Sum of Random Variables#

  • Consider a sequence of independent and identically distributed (i.i.d.) random variables, \(X_1, X_2, \ldots\). Examples include coin tosses, the random displacement of a molecule, or the random placement of a molecule in the left vs. right corner of a box. Being identically distributed means each term has a well-defined mean \(\mu\) and variance \(\sigma^2\):

  • The sum of \(n\) random variables, denoted by \(S_n\), is called a sample sum, and average of sum is called a sample mean. Our goal is to understand how these summed or aggregated quantities behave as a function of sample size.

\[S_n = \sum_{i=1}^n X_i\,\,\,\,\,\,\,\, M_n = \frac{1}{n}\sum_{i=1}^n X_i\]
  • Expectation is always a linear operator. Variance in general is not. But for i.i.d. random variables, variance becomes linear operator. To show this we denote mean subtracted random variable as \(Y_i = X_i - \mu\) which has zero expectation \(E[Y_i] = 0\)

  • Because of the independence of random variables all cross-terms are zero \(E[Y_i Y_j] = 0\) for \(i \neq j\) and all the self-terms \(i=j\) are equal to variance \(E[Y^2_i] = V[X_1]=\sigma^2\)

\[E(S_n) = \sum_{i=1}^n E(X_i) = n\mu\]
\[V(S_n) = E[(S_n - E[S_n])^2] = E\Big[\Big(\sum^{i=n}_{i=1} Y_i\Big)^2\Big]=\sum_i \sum_j E[Y_i Y_j] = \sum_i E[Y^2_i] = n\sigma^2\]

Law of Large Numbers (LLN)#

  • Both mean and variance of sum of random variables grows linearly with \(n\):

\[E[S_n] = n\mu\]
\[V[S_n]= n\sigma^2\]
  • This has consequence on how we estimate means from samples \(M_n = \frac{1}{n} S_n\).

  • Sample mean becomes increasingly more accurate with the error or standard deviation decaying with \(1/2\) exponent.

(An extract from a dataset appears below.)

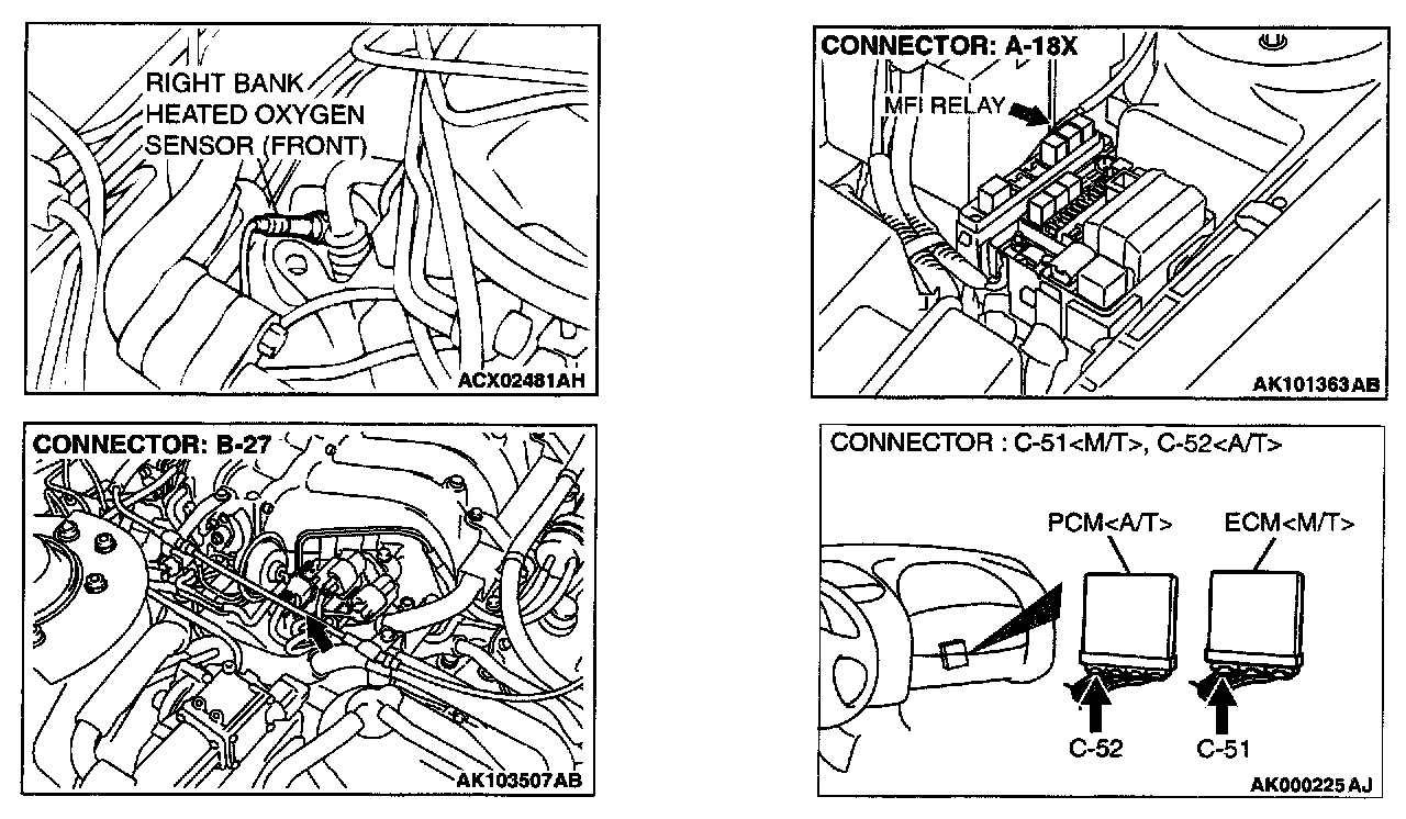 STEP 9. Check for harness damage between MFI relay connector A-18X terminal 4 and right bank heated oxygen sensor (front) connector B-27 terminal 1.

\[E[M_n]=E\left[\frac{S_n}{n}\right] = \frac{1}{n}\sum_{i=1}^n E[X_i] = \mu\]
\[V[M_n] = V\left[\frac{S_n}{n}\right] = \frac{1}{n^2}V[S_n] = \frac{\sigma^2}{n}\]

Simulate tests of LLN#

import numpy as np
import ipywidgets as widgets
from ipywidgets import interact, interactive
import matplotlib.pyplot as plt
for N in [10, 100, 1000, 10000]:
    
    M = np.random.randint(1, 10, N)/N 
    print(M.var()) #sample variance decays
0.0404
0.00051
7.1458039999999995e-06
6.7033e-08
# Number of trials and runs
N, runs = int(1e5), 30

# Store fractions of heads for each trial in each run
fractions = np.zeros((runs, N))

# Simulate coin tosses
for run in range(runs):
    # Generate coin tosses (0 for tails, 1 for heads)
    tosses = np.random.randint(2, size=N)
    # Calculate cumulative sum to get the number of heads up to each trial
    cum_heads = np.cumsum(tosses)
    # Calculate fraction of heads up to each trial
    fractions[run, :] = cum_heads / np.arange(1, N+1)

# Plotting
plt.figure(figsize=(14, 8))

# Plot all runs with low opacity
for run in range(runs):
    plt.plot(fractions[run, :], color='grey', alpha=0.3)

# Highlight first run
plt.semilogx(fractions[0, :], color='blue', linewidth=2, label='Highlighted Run')

# Expected value line
plt.axhline(y=0.5, color='red', linestyle='--', label='Expected Value (0.5)')
plt.xlabel('Number of Trials')
plt.ylabel('Fraction of Heads')
plt.title('Law of Large Numbers: Fraction of Heads in Coin Tossing')
plt.legend()
<matplotlib.legend.Legend at 0x165390580>
../_images/c78ad114e571ef1cfc0cb9a78472f8d516370e0358d66039852a40e4f092e3d0.png

The Central Limit Theorem (CLT)#

  • Central Limit Theorem asserts that the probability distribution function or PDF of sum of random variables becomes gaussian distribution with mean \(n\mu\) and \(n\sigma^2\). Note that CLT is based on assumption that the mean and variance, \(\mu\) and \(\sigma^2\), are finite!. Thus, CLT does not hold for certain power-law distributed RVs.

\[S_n = X_1 +X_2+...+X_n \rightarrow N(n\mu, n\sigma^2)\]
\[p(s) = \frac{1}{(2\pi n\sigma^2)^{1/2}}e^{-\frac{(s-n\mu)^2}{2 n\sigma^2}}\]
  • If we subtract mean and scale the sample sum by its standard deviation we will get a standard normal distribution $.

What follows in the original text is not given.